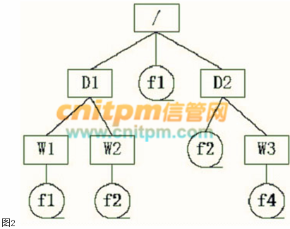 B、子目录W2中文件f2和子目录D2中文件f2是不相同的
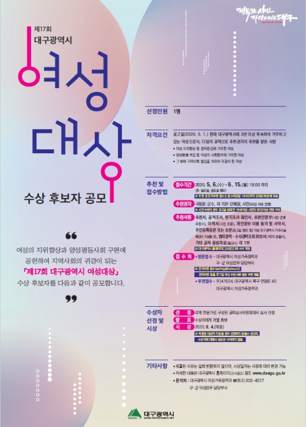 대구시 여성가족청소년국 관계자는 “지역사회 발전을 위해 헌신한 여성을 대상으로 많은 사람들의 귀감으로 삼기 위해 매년 ‘여성대상’을 시상하고 있다”면서 “여성의 지위향상과 양성평등사회 구현을 위해 공헌한 여성은 적극 추천하기 바란다”고 말했다.
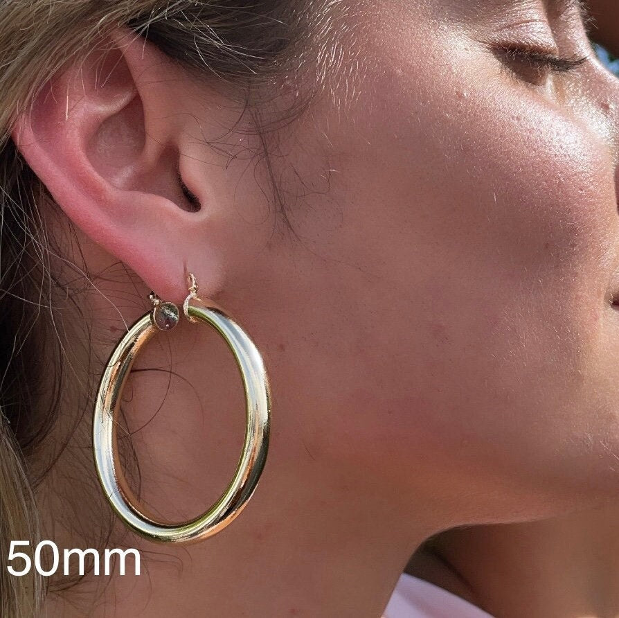 Inspired Selena Large 18k Gold Filled 5mm Plain Hoop Earrings And Silver Filled Plain Hoop Earrings Wholesale And Jewelry Making Supplies

========================

Exercise description — The expected output is every line from the line where "대구시 여성가족청소년국 관계자는" appears to the final line of the material, unchanged and with no pictures.

Your solution —
 대구시 여성가족청소년국 관계자는 “지역사회 발전을 위해 헌신한 여성을 대상으로 많은 사람들의 귀감으로 삼기 위해 매년 ‘여성대상’을 시상하고 있다”면서 “여성의 지위향상과 양성평등사회 구현을 위해 공헌한 여성은 적극 추천하기 바란다”고 말했다.
 Inspired Selena Large 18k Gold Filled 5mm Plain Hoop Earrings And Silver Filled Plain Hoop Earrings Wholesale And Jewelry Making Supplies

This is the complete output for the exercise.